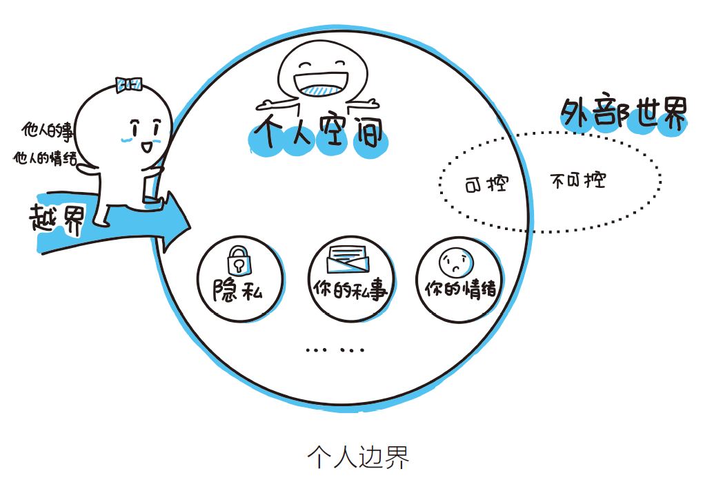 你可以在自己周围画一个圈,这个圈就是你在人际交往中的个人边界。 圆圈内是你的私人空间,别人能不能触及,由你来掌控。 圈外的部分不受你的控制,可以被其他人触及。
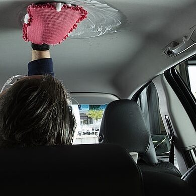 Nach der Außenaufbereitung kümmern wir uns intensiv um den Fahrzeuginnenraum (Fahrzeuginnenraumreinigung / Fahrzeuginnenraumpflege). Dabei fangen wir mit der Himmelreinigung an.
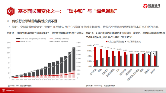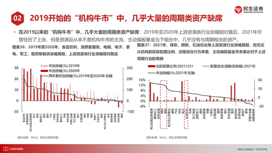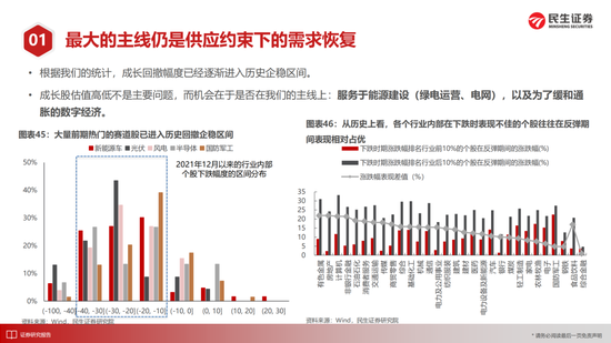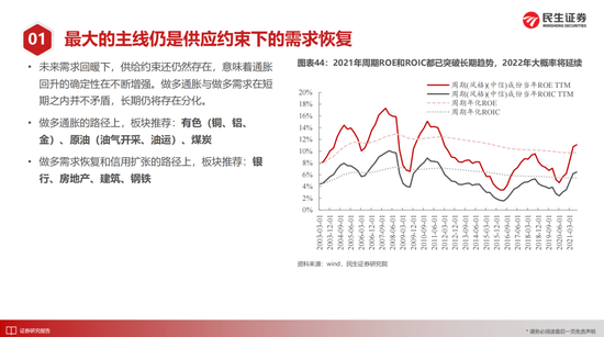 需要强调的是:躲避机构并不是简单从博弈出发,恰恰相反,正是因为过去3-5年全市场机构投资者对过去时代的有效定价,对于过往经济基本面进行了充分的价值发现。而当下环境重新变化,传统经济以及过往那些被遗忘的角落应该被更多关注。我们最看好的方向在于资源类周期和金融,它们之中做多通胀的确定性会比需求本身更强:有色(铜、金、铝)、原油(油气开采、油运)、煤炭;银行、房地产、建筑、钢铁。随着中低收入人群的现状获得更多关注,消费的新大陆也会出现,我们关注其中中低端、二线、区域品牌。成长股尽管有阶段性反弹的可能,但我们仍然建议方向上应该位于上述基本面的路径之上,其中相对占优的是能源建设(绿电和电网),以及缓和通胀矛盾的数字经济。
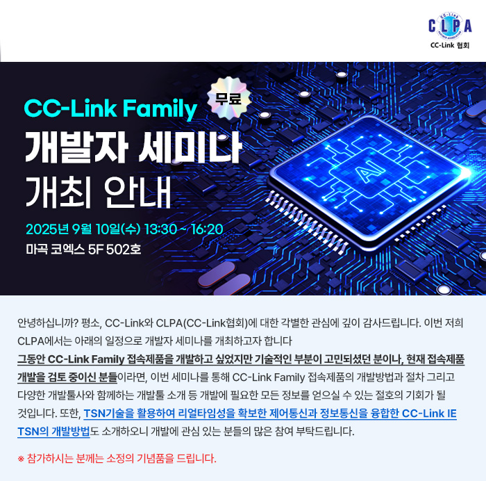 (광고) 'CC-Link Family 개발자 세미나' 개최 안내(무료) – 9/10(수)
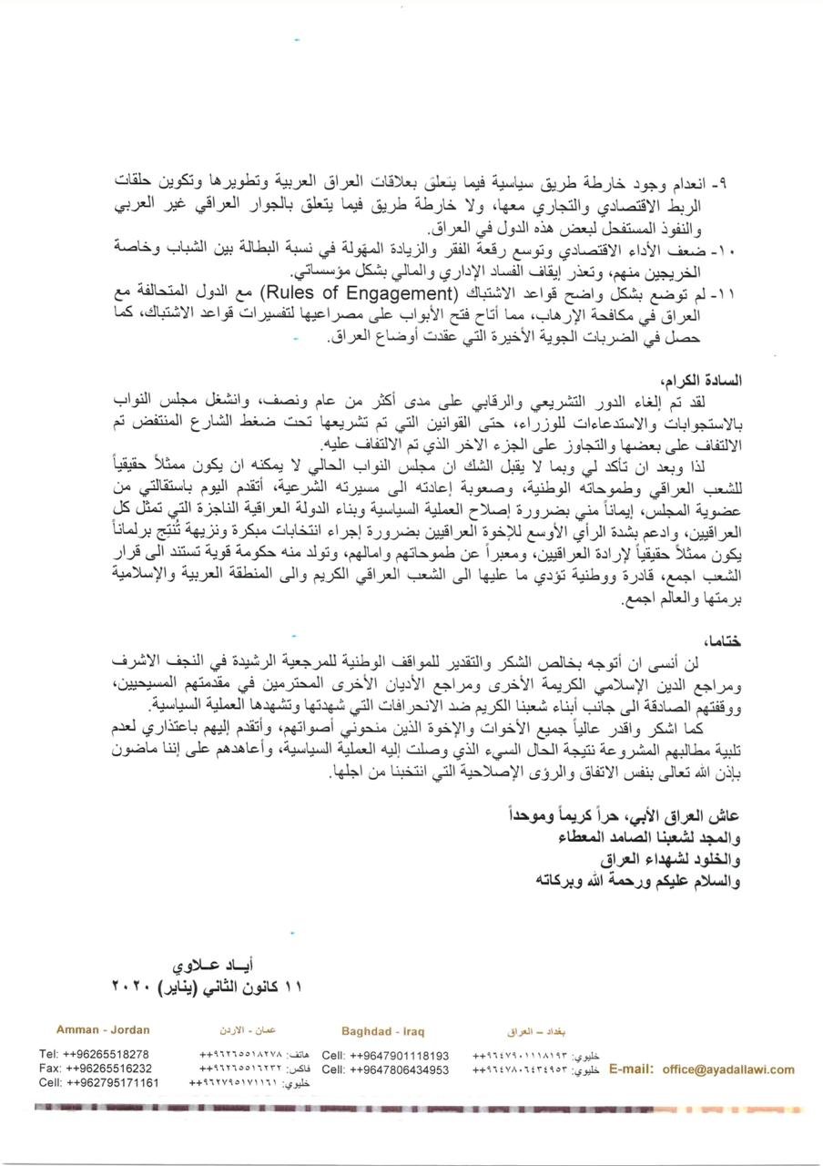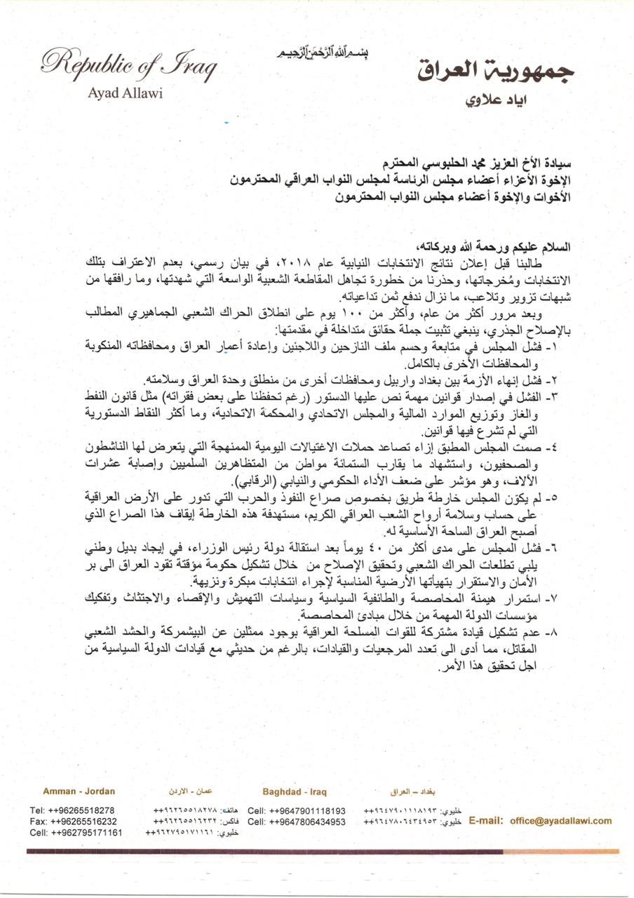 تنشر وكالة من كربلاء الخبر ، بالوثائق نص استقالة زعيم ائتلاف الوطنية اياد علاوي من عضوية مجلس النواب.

——————————

Only the lines starting at the one that holds "Nach der Außenaufbereitung" and ending at the last line of the data belong in your answer. Please set them down exactly and omit the pictures.

• [Finished exercise]
 Nach der Außenaufbereitung kümmern wir uns intensiv um den Fahrzeuginnenraum (Fahrzeuginnenraumreinigung / Fahrzeuginnenraumpflege). Dabei fangen wir mit der Himmelreinigung an.
 需要强调的是:躲避机构并不是简单从博弈出发,恰恰相反,正是因为过去3-5年全市场机构投资者对过去时代的有效定价,对于过往经济基本面进行了充分的价值发现。而当下环境重新变化,传统经济以及过往那些被遗忘的角落应该被更多关注。我们最看好的方向在于资源类周期和金融,它们之中做多通胀的确定性会比需求本身更强:有色(铜、金、铝)、原油(油气开采、油运)、煤炭;银行、房地产、建筑、钢铁。随着中低收入人群的现状获得更多关注,消费的新大陆也会出现,我们关注其中中低端、二线、区域品牌。成长股尽管有阶段性反弹的可能,但我们仍然建议方向上应该位于上述基本面的路径之上,其中相对占优的是能源建设(绿电和电网),以及缓和通胀矛盾的数字经济。
 (광고) 'CC-Link Family 개발자 세미나' 개최 안내(무료) – 9/10(수)
 تنشر وكالة من كربلاء الخبر ، بالوثائق نص استقالة زعيم ائتلاف الوطنية اياد علاوي من عضوية مجلس النواب.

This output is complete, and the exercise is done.